Hari berikutnya, kondisi A berangsur semakin membaik, panasnya sudah turun, pupnya berkurang namun masih muntah dengan interval yang cukup panjang,  4 kali yang berlangsung selama satu hari.  Namun, aku sudah bisa tersenyum karena aku yakin, masa-masa mengkhawatirkan itu sebentar lagi lewat, memang aku masih was-was dan extra attempts (melakukan apa saja yang membuatnya kelihatan nayaman dan memastikan makan dan minum tidak dimuntahkan dengan menyuapi sedikit demi sedikit), serta keep on massaging him – ya rutinitas baru selama dia sakit, satu-satunya yang menenangkan dia sampai tertidur adalah memijatnya dari punggung sampai ke kaki (mempraktek sedikit gerakan shiatsu yang pernah kupelajari) dengan posisinya telungkup. Ini bisa kulakukan sepanjang malam sampai ia benar-benar tidur. Terkadang, aku yang ketiduran.

selama tiga malam berturut-turut, kami sudah seperti pengungsi di rumah sendiri. Menggelar kasur tipis di depan TV, tetap ia lebih banyak memilih di atas ubin dan tikar, dan kubiarkan itu, yang penting dia tidur. Dan setelah tidur aku akan menggotongnya ke kasur kembali, untuk kemudian jika dia beranjak lagi, hal paling buruk yang aku lakukan adalah mengalasi perutnya dengan kain.

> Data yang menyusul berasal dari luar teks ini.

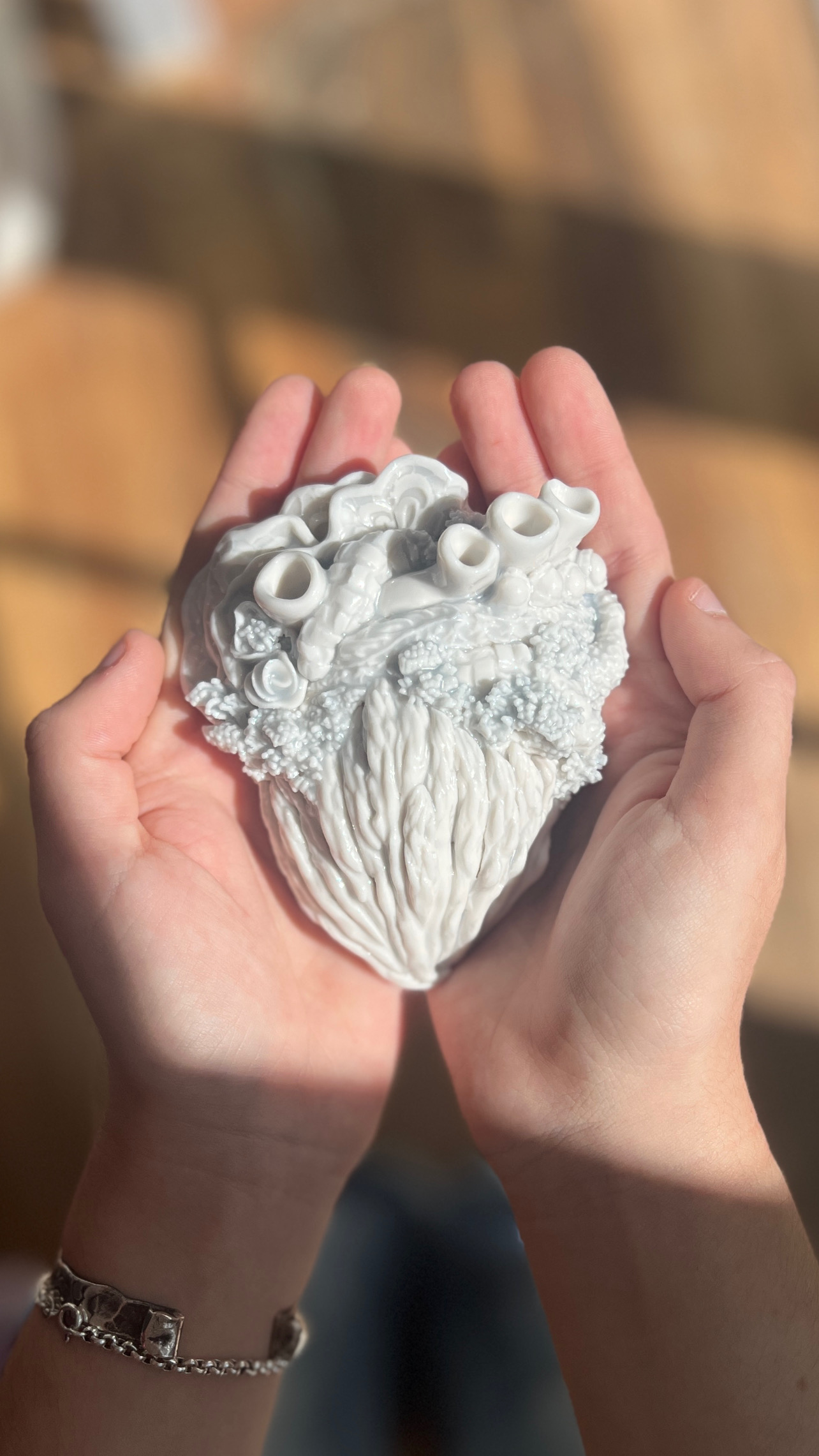 My porcelain hearts balance the darker explorations of my story cell and trauma based works. They celebrate, honour and treasure what is precious.
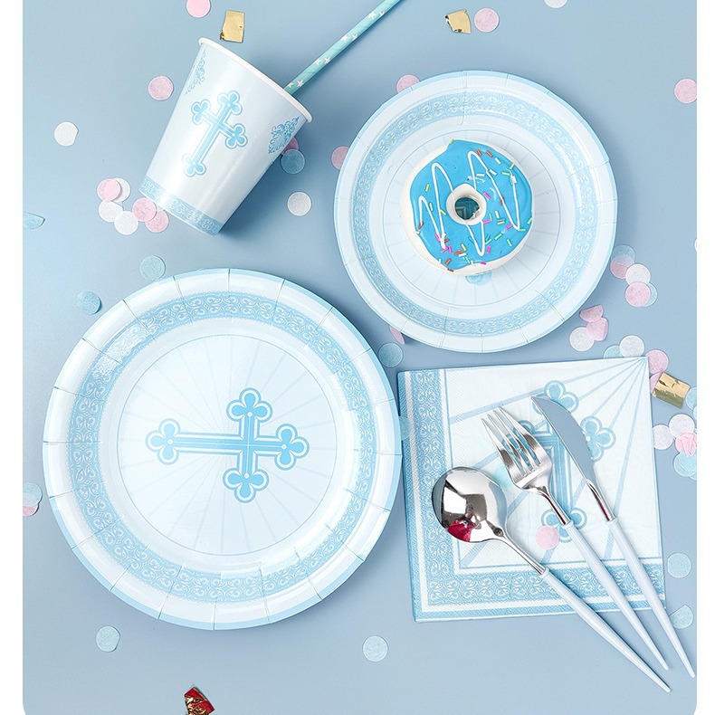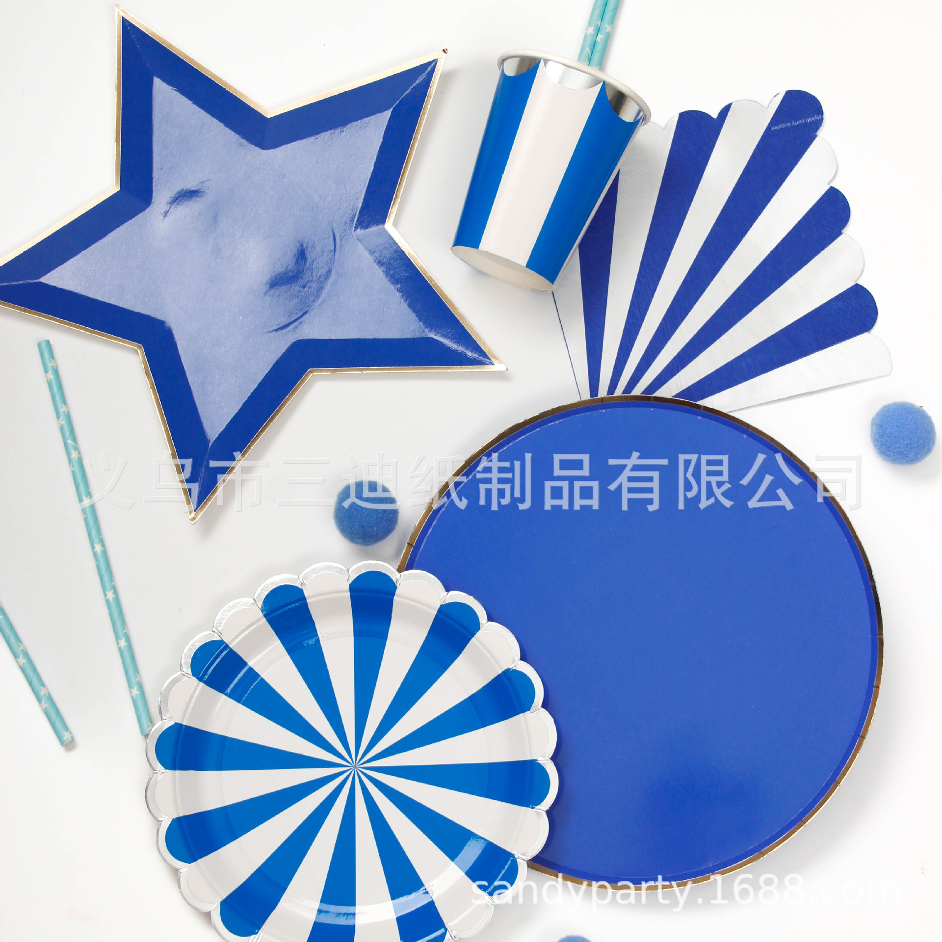 パーティーブルー洋式結婚式シリーズ食器紙皿紙コップティッシュ食器は国境を越えたパーティーセットに特化している
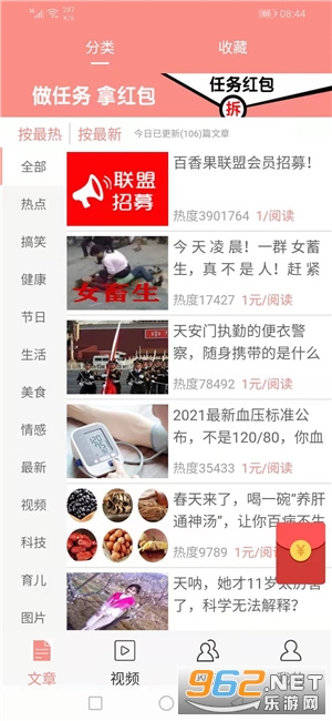 2、登录成功后,点击“视频”或者“文章”频道转发任意文章或者视频到,被阅读后就有现金奖励

Merawat anak yang sakit memang menguras pikiran, perasaan dan tenaga ekstra. Apalagi anak seumuran A (sebelas bulan), yang belum bisa bicara dan menyampaikan keinginannya. Rasanya, aku sudah sangat extra protection terhadap anak-anak, dengan menjaga makan mereka dan menjaga kebersihan alat-alat makan mereka. Namun dengan baby A, satu yang terkadang kecolongan, dia terkadang berhasil meminum air mandinya, dugaanku itulah yang membuatnya terserang virus atau bakteri yang pada akhirnya berhasil ia kalahkan dalam waktu cukup lama, 6 hari.  Ini kali pertama aku harus merawat anak-anak dalam waktu lama, biasanya kalau mereka sakit, paling lama tiga hari. Tentu saja berat, bukan hanya karena hampir selalu ketika hubby-ku tidak ada di rumah, tetapi karena aku juga harus ‘menjaga’ kedua kakaknya agar tidak tertular. 

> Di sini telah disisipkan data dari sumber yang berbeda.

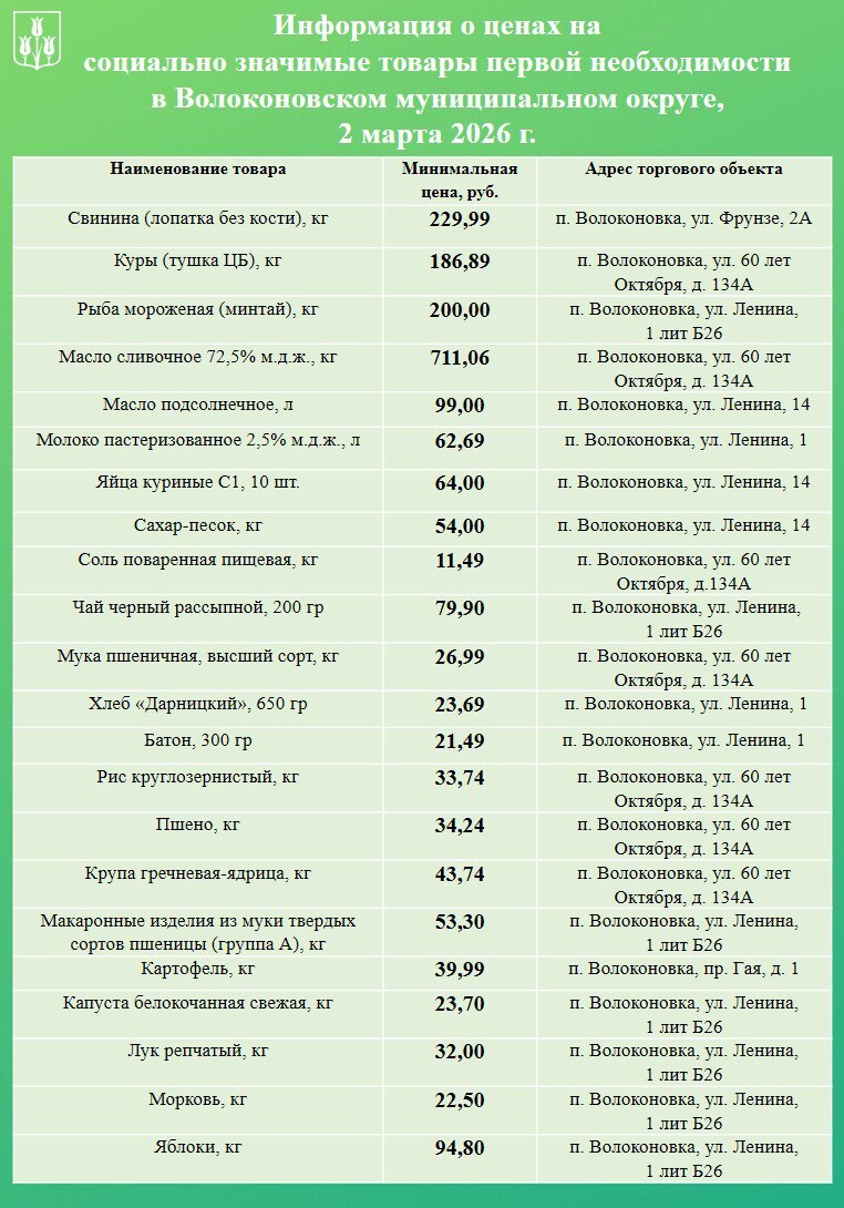 Уважаемые волоконовцы!. Информируем вас о ценах на продовольственные товары из базовой потребительской корзины, складывающихся в нашем муниципалитете на сегодняшний день
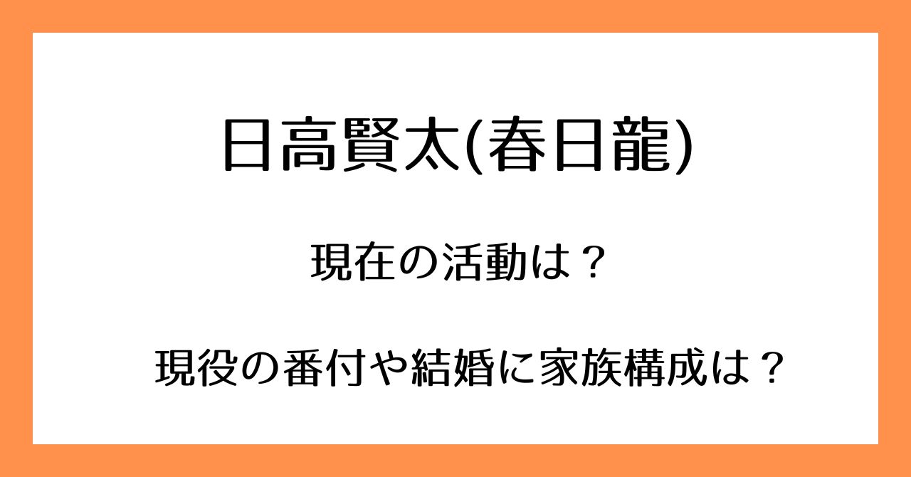 日高賢太(春日龍)さんは、2025年現在、結婚や家族に関する情報を公表していません。
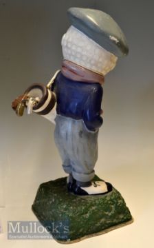 Dunlop Caddy advertising golfing figure-mounted on naturalistic splayed base inscribed to 2 panels “We play Dunlop” together with 3x clubs as found, replaced shoulder strap and inscribed Dunlop No.6 to the rear of the head - still on the original ply board base - overall 16”# Note: Part One – Golf Collection from “David Easby Estate”
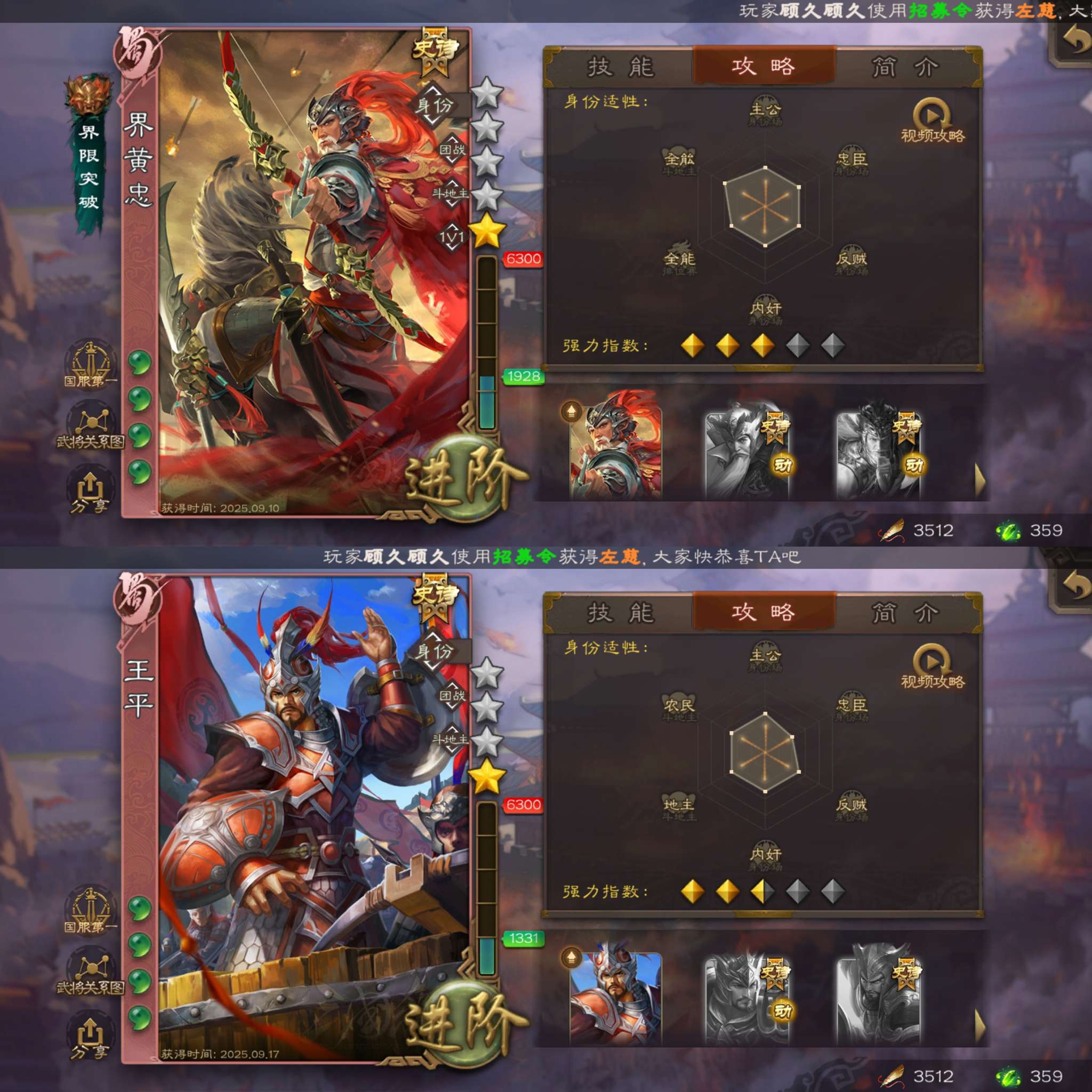 三国杀【安卓官方】友诸葛亮+界黄忠+王平精品先锋将军!材料充足,游卡官服字母格式活绑
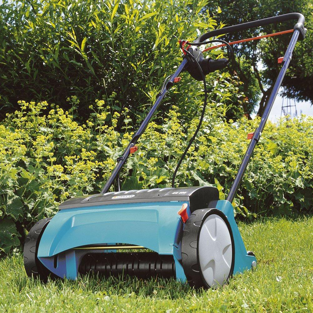 Odporne na zużycie i hartowane sprężyny ze stali nierdzewnej przeczesują trawnik i skutecznie usuwają sfilcowaną trawę, chwasty i mech. W sytuacji kiedy dojdzie do przesunięcia sprężyn ze stali nierdzewnej można je łatwo wyregulować za pomocą poręcznej dźwigni. W celu przeniesienia na miejsce pracy można łatwo i szybko złożyć noże, tak aby urządzenie przybrało postać transportową. Rączkę elektrycznego wertykulatora można szybko odłączyć w celu zaoszczędzenia miejsca składowania i ułatwienia transportu.
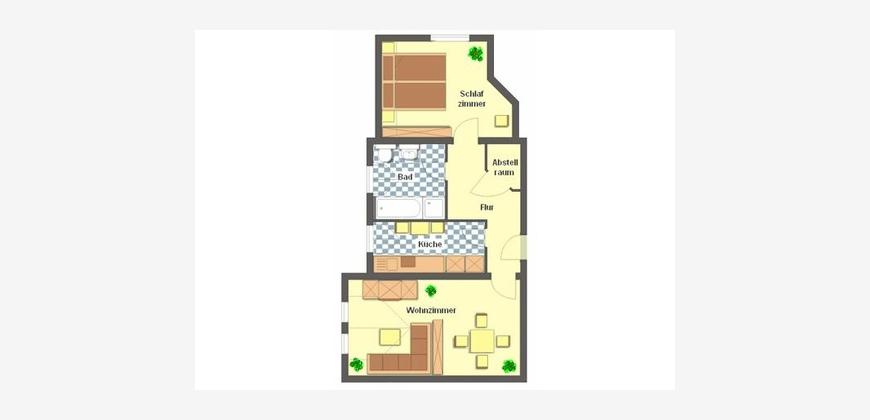 Die Wohnung befindet sich im Zentrumsrand. Die Geraer Innenstadt und der Hauptbahnhof sind in wenigen Minuten zu Fuß zu erreichen. In unmittelbarer Nähe befinden sich auch Geschäfte des täglichen Bedarfs.

Mengapa Rumah Sakit BUkan Opsi Utama

Biaya bukan satu-satunya yang menjadi keengganan untuk menjadikan RS sebagai opsi. Memang, pergi ke RS harus memiliki modal, setidaknya jika ingin dirawat, harus memberikan deposit  (saya tidak ingat persis, tapi 5 tahun lalu, di suatu RS Swasta memberikan batas minimal 5 ratus ribu deposit). Bagiku, yang paling utama adalah, aku masih menganggap RS membuat bertambah sakit, bukan sembuh (konteksnya rawat inap). Mungkin juga aku masih trauma terkait dengan pelayanan yang tidak memanusiakan (ingat postinganku Edisi Ultah G). Dan, yang terpenting, aku tidak bisa terlihat tidak berdaya dengan hanya menungguinya saja di bed, paling-paling memanggil perawat jika terjadi sesuatu. Di RS aku tidak bisa bebas membuatkan rice juice (tidak  mungkin membawa blender ke RS) dan menyediakan air putih hangat (RS tidak menyediakan fasilitas seperti itu, kalaupun ada harus beli dengan menyediakan termos pun tidak terjamin kebersihannya). Di rumah, aku bisa melakukan apa saja, bukan saja untuk A tetapi untuk kedua kakaknya yang juga harus kujaga ekstra (meskipun ini bisa diatasi dengan menitipkan mereka di rumah tantenya, yang juga pasti akan merawat mereka dengan baik). Yang pasti, aku sebisanya tidak memisahkan ketiga anakku dan sebisanya aku akan merawat mereka.


Kreatifitas Ibu diperlukan Saat Anak Sakit
Panik adalah satu kata yang kuhindari ketika menghadapi anak yang sakit. Potensi itu ada karena aku banyak merawat anak-anakku sendiri, seringnya mereka sakit ketika hubby tidak di rumah. Rasanya memang akan beda ketika bisa bersama-sama merawat anak sakit. Tapi, hubby selalu memberi support dari jauh termasuk mengingatkan agar tidak panik dan mengingat untuk menjaga kesehatanku juga. Dengan tidak panik, ada banyak hal atau langkah yang bisa diambil oleh Ibu apalagi ketika RS bukan menjadi opsi pertama. Ketika A sakit, aku bukan saja seperti Ibunya tetapi aku menjadi 'perawat dadakan - urgent nurse'. Setiap saat mengobservasi suhu badannya, menghitung muntah dan pup-nya, sesekali bertanya pada tuan Google (ketika ia tidur), memastikan asupan makanan yang memadai dan tetap bisa diterima oleh ususnya sampai memijatnya (ini yang tidak mungkin dilakukan oleh perawat RS) dan menyusuinya (sebelumnya, aku memastikan untuk feed myself susu dan makan lebih banyak, karena kuantitas ASI-ku tidak begitu banyak lagi). 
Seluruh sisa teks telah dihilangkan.